The consumption of the hired ought to be regarded as made by the capitalists who employ them.

These capitalists are either the idle who live on their revenue, or the active who live on their profits.

The first remunerate only sterile labour. Their entire consumption is a pure loss, accordingly they cannot expend annually more than their revenue.

The others expend annually all their funds, and all those which they hire of the idle capitalists; and sometimes they expend them several times in the year.

Their consumption is of two kinds.

That which they make for the satisfaction of their personal wants is definitive and sterile, as that of idle men.

That which they make in their quality of industrious men returns to them with profit.

It is with these profits they pay their personal expenses, and the interest due to idle capitalists.

Thus they find that they pay both the hirelings whom they immediately employ, and the idle proprietors and their hirelings; and all this returns to them by the purchases which all those people make of their productions.

It is this which constitutes circulation, of which productive consumption is the only fund.

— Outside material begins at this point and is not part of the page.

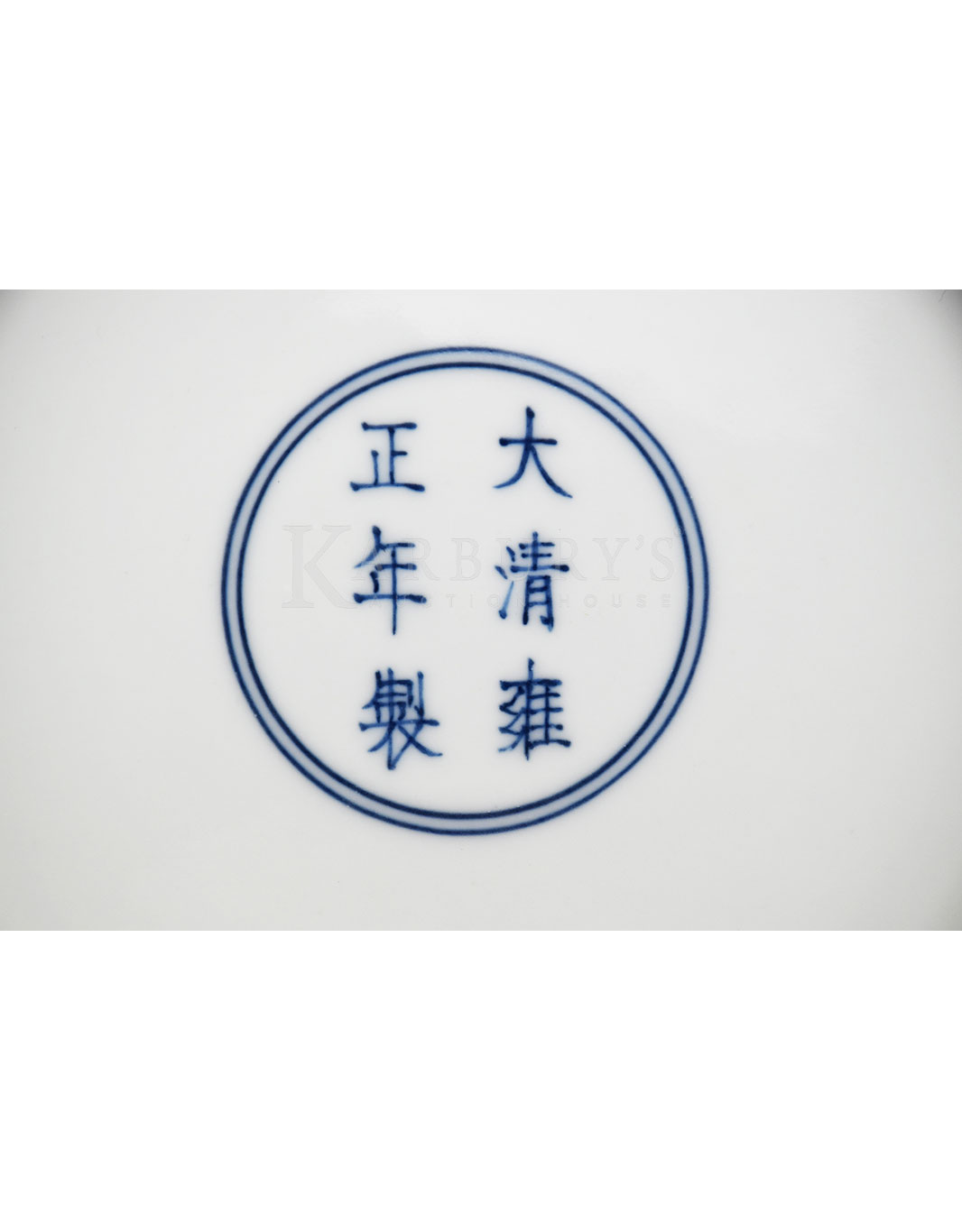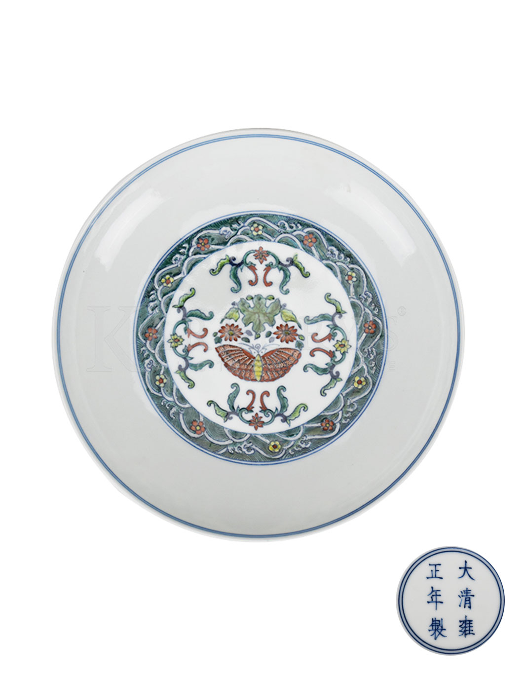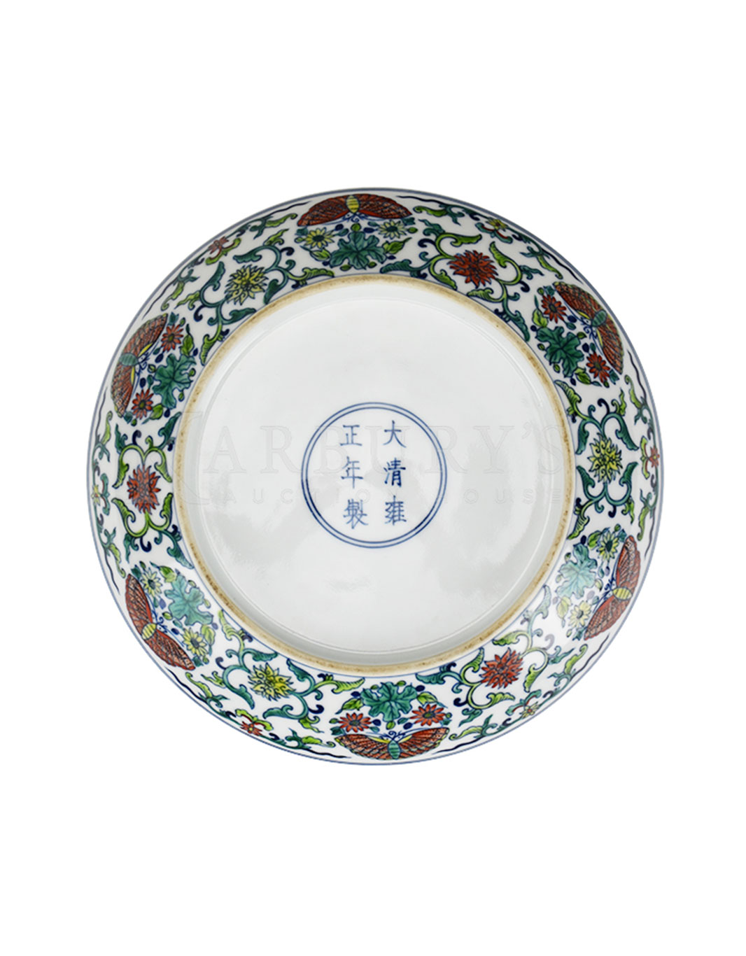Lot: 130 Doucai Butterfly Dish with a Yongzheng Mark The interior is decorated in unglazed translucent enamel with a narrow band of crashing waves and flowers encircling four separate foliate scrolls around a central medallion painted with butterfly and floral sprays. The exterior is painted with six medallions of butterfly and floral sprays separated by flower and foliate scrolls. The base is inscribed in blue underglaze with a six-character Yongzheng reign mark within a double-circle. 斗彩缠枝花卉大盘 <<大清雍正年制>> 款 Size: 8 1/4 in. (21 cm.) w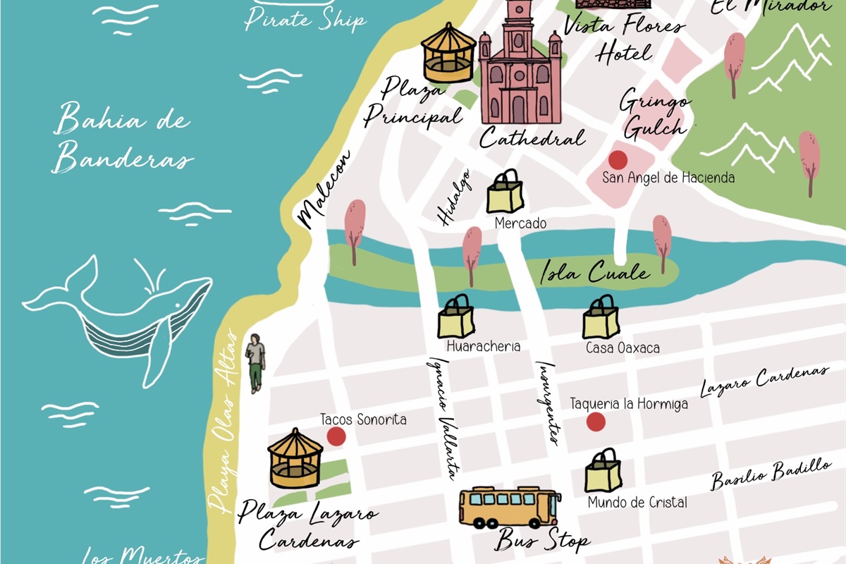Casitas Banderas is located in the heart of downtown Puerto Vallarta or El Centro, just two blocks away from the Cathedral and 2 blocks away from the malecon. The malecon is a pedestrian thoroughfare that winds along the oceanfront sided by plenty of restaurants and bars. The beach is easily a 10 minute walk or a 5 minute cab ride away. We are in the middle of plenty of restaurants, bars, shops, and galleries! Our place is right in the middle of the hustle and bustle, but it feels secluded from it all at the same time especially as you relax on the top terrace and are able to breathe in the most beautiful views of the city and ocean from above.

In regard to the nature of things consumed, consumption the most gradual is the most economical the most prompt; is the most destructive.

We see that luxury, that is to say superfluous consumption, can neither accelerate circulation nor increase its funds. It only substitutes useless for useful expenses.

It is like inequality, an inconvenience attached to the increase of riches; but it can never be the cause of their augmentation.

History plainly shows what happens wherever useless expenses have been suppressed.

All theories contrary to this reduce themselves to this untenable proposition. That to destroy is to produce.